A while back, I wrote a blog titled Contact Lens Addicts, which explained how some patients become so dependent on their contact lenses that they put themselves at risk of suffering many different problems, some of which could lead to permanent vision loss. Well, Sunday was like a Contact Lens Addicts Anonymous meeting with Dr. Sian mediating.

The CL-AA meeting started with a pleasant, 50-something woman whose contact lens had folded up and tucked itself so far behind her upper eyelid that I almost wished I had a third hand to help flip her eyelid, and/or hold a q-tip, and/or grab the forceps.

Now, lets just take a quick second to answer the question that is likely swirling around in some of your minds… No, the contact lens cannot go so far back that it ends up behind the eyeball. Luckily, the conjunctiva (the thin skin that covers the eye ball) actually folds over itself and covers the inside of the eyelids as well. Effectively creating a natural contact lens catching contraption (and you thought conjunctiva was hard to say).

Next up was a very friendly lady in her mid-thirties who is actually quite good at taking care of her contact lenses. She doesn’t over wear them, she replaces them on schedule, and she’s good at cleaning them every night (sounds too good to be true, but I believed her). However, despite all of the regular care and maintenance, she managed to fall asleep in her lenses.

Now, we all know that one night stands are a bad idea (right?). Well, sleeping with your contacts is a lot like a one night stand…  There’s usually booze involved, it seems like a good idea at the time, you wake up in the morning with something feeling itchy and/or irritated (we’re talking about eyes folks!), and then you’re doing the walk of shame… into my exam room!
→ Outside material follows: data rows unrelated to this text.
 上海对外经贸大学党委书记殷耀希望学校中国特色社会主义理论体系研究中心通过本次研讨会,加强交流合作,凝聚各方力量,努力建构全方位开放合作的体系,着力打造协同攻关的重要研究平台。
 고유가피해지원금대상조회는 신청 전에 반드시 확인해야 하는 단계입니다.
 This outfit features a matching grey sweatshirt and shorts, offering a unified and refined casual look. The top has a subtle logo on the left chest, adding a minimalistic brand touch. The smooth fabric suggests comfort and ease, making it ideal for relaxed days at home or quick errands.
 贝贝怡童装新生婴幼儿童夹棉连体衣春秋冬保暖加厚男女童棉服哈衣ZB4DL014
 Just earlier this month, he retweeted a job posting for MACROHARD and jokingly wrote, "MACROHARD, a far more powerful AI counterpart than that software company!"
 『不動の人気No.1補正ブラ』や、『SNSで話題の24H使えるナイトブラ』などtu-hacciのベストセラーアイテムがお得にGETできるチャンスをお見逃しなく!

Even for someone who takes care of her contacts, one night with her lenses was enough to cause a small corneal ulcer. Yes, an ulcer. And yes, it is as unpleasant as it sounds.
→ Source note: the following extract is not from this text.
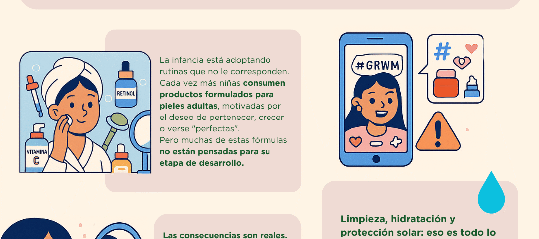 La conversación sobre skincare infantil y adolescente debe dejar de ser una tendencia viral y empezar a ser un debate serio: sobre educación, salud dermatológica, salud mental y también sobre responsabilidad empresarial. ¿Quién está cuidando a estas niñas? ¿Quién les enseña a diferenciar entre lo que quieren y lo que necesitan? ¿Quién les dice que está bien tener granitos, piel grasa o no usar suero de ácido hialurónico de tres fases?

Last, and certainly not least, is the poor little girl who was actually the impetus for me to write this blog, so I could tell you her unfortunate story. A 16 year old kid who has been wearing Orthokeratology lenses (aka Ortho-K, aka dream lenses). I won’t go into detail, but basically these are lenses you only wear at night while sleeping. Hopefully the “only wear at night while sleeping” part raised a red flag or two for most of you. To make matters worse, she was fit for and bought the lenses overseas, so I have no idea what she’s been wearing. Not all that different than buying contacts online without being fit for them by a professional, might I add.

But I digress…

The poor kid was in so much pain, she could not open her eye if her life depended on it. When I finally got a look, this is what I saw…

A very red and upset eye with a large, central corneal ulcer. Long story-short, she is and will be in need of a lot of eye drops (as much as every 30-60 minutes all day AND night) and maybe even some oral medications. The worst part of it is that when the infection is finally controlled, this ulcer will likely leave a large scar right in the center of her vision thus causing a permanent decrease in vision in that eye.
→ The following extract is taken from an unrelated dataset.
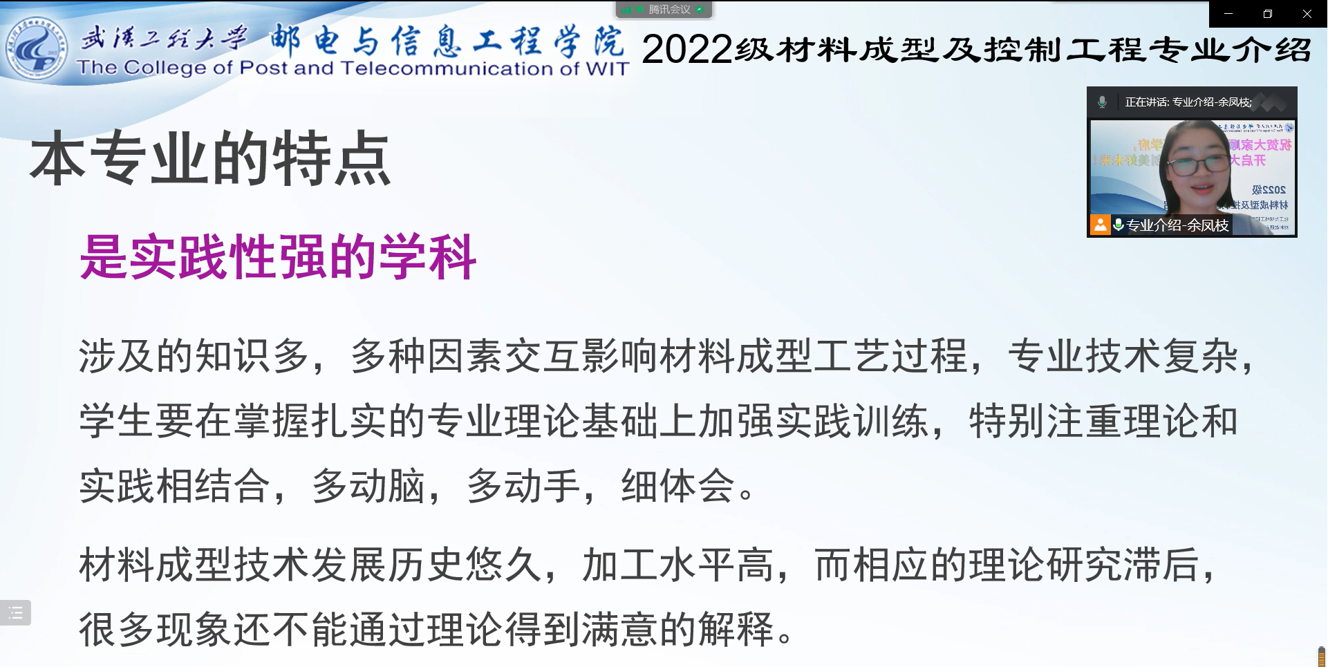 2022年9月21日至23日,304永利集团举办了2022级新生专业认知教育讲解活动,专业认知教育旨在帮助同学们深入了解自己将要学习的专业,此次活动由各专业课老师作为主讲人,各专业全体同学参加学习,7个专业班级错时开展学习。![]() 化材学院2022级新生专业认知教育安排统计表 9月21日下午通过腾讯会议材料成型专业教师余凤枝对2022级材料成型及控制工程专业开展了线上新生专业介绍活动。余凤枝老师对各位同学能够顺利进入高等学府表示了祝贺,欢迎广大学子共同开创美好未来。她围绕“你心目中的大学生活是怎样的?”、“你心目中的材料成型专业是怎样的?”以及学生和家长最关心的“这个专业地位如何?”、“这个专业如何学?”、“学这个专业未来如何?”等五个问题展开了意义介绍。通过大学的概念、大学的任务、大学生的使命以及大学生活的介绍,帮助学生更好地理解和规划大学生活,明白每一位大学生肩上的重任和为国为民服务的使命感。另外,余凤枝老师从专业名称出发,详细解释了材料成型专业的内涵和发展历程,介绍了我院本专业的研究内容、课程设置与依据、学习方法、专业前景以及学生就业与考研的方向等。最后,通过介绍本专业在生活及工程领域中的体现、模具对国家经济发展水平的重要性、本专业和国家强国战略的紧密联系、十九大报告和十四五规划中对实现制造强国的发展规划描述等,强调了本专业的核心地位,增强了学生对本专业重要性和发展的认知。 ![]() ![]() ![]() 材料成型与控制工程专业介绍截图集锦 9月22日上午,康顺吉老师对2022级化学工程与工艺(智能化工)新生进行了专业介绍。本次专业介绍主要针对2022级新生,对本专业的培养目标和方向、本专业特色、课程体系设置、校企合作实习实训基地建设、科技竞赛活动、大学生涯的成长规划和就业方向及岗位等内容进行了介绍。在专业介绍中重点介绍了湖北知名的化工企业,如湖北兴发集团、湖北三宁化工股份有限公司等优质企业,从企业概况、人才需求等方面对企业进行了展示,让学生了解本专业人才培养与企业人才需求的紧密联系,学生对化工企业从毫无认知到有一个初步的认识和了解,逐步建立对专业的认知和兴趣。专业介绍与学生的互动沟通过程中了解到,学生普遍关心的问题是大学将学习哪些课程、课程学习安排、如何适应大学学习生活、化工专业优势、就业方向、就业企业和考研情况等方面的内容。今后在专业介绍方面可从这几方面进行重点介绍,讲好新生入学第一课,引导学生正确认识本专业,更好的规划大学生活。 ![]() ![]() ![]() ![]() 化学工程与工艺智能化工方向专业介绍截图集锦 9月22日下午,化材院2022级制药工程新生专业介绍在腾讯会议上举行。本次专业介绍由孙安琪老师主讲,欧阳琼院长全称参与指导工作。介绍会上孙安琪老师对2022级新生的到来表示热烈欢迎,介绍了专业特色和课程概况,解答了新生在专业上的问题。各专业老师们详细地向新生介绍了专业的发展历程、就业前景和深造方向,耐心讲解了专业的知识体系、学习方法,以及考研的途径。 本次专业介绍搭建起老师与新生的沟通平台,满足了新生初入大学渴望了解学院、了解专业的强烈需求,减少新生对未来大学生活的不确定性,同时加深师生了解,拉近了师生的关系。 ![]() 制药工程专业介绍截图集锦 9月23日上午,药物制剂专业新生认真学习了由程玉洁老师主讲的专业认知教育课程。程玉洁老师以严谨细致的方式从“药物的发展史”“药剂的重要性”“学习药剂需要的基本素养”三个角度进行讲解,提出药物制剂专业的同学们应掌握本专业及相关学科基础,理论和专业知识、具有良好的创新意识和职业道德、具备制剂过程开发的能力、具备日程管理和质量管理能力、学会制剂工艺设计,生产技术进质量控制,同学们积极听取老师建议,受益匪浅。 ![]() ![]() ![]() 药物制剂专业介绍截图集锦 同时,瞿小兰老师在流芳校区线下与学生们面对面进行了制药工程专业专升本新生的专业认知教育。瞿老师主要从“制药工程专业的主要研究内容”“制药工程专业的培养目标”以及“制药工程专业的就业前景”三个方面进行详细的解说。通过讲解,新生们了解到,制药工程专业是一门以培养从事药品制造工程技术人才为目标的化学,药学和工程学交叉的学科,要求同学们掌握药品制造的基本理论、药品生产工艺流程等技能,学好制药则是为了将药品制造技术用于服务人民,为我国制药行业做出贡献。 ![]() 瞿小兰老师面对面与制药工程专业专升本新生交流 9月23日下午,安排了两场专业认知教育线上课堂。首先是魏端丽老师进行的高分子材料与工程专业介绍,她播放了304永利集团的宣传片,帮助新生了解304永利集团的专业组成、一流本科专业及一流本科课程、师资情况、校企合作情况、学科竞赛成果、考研情况和就业情况。她从高分子材料与工程专业、高分子材料与工程(光电信息材料方向)的专业解析、培养目标、本专业的培养要求、师资情况、人才培养模式和未来就业深造的前景等五个方面全面介绍了高材专业。魏端丽老师还介绍了本专业的就业前景以及学生考研的方向。帮助新生坚定专业信心,树立端正的学习态度,明确未来的学习方向和目标。 ![]() ![]() ![]() ![]() 高分子材料与

These were just three of the multiple cases I dealt with during the CL-AA meeting on Sunday.

Its extremely important to understand the consequences of taking our vision for granted. Online sales and deregulation have made it easy to overlook the fact that contact lenses are actually medical devices. They are pieces of plastic that we put on our eye ball to help improve our vision. We should not lose sight of that (pun intended).

I am genuinely concerned and upset about this young girl and so many other patients who suffer from serious issues due to improper contact lens wear and poor ocular hygiene. So, if you or your kids wear contacts, be sure to have the lenses fit by a professional and never hesitate to come in and have your eyes checked if you think something is wrong. As with most things, if we catch it early, its much easier to treat.

Note: The pictures are not of my patients, but are accurate representations of their respective issues.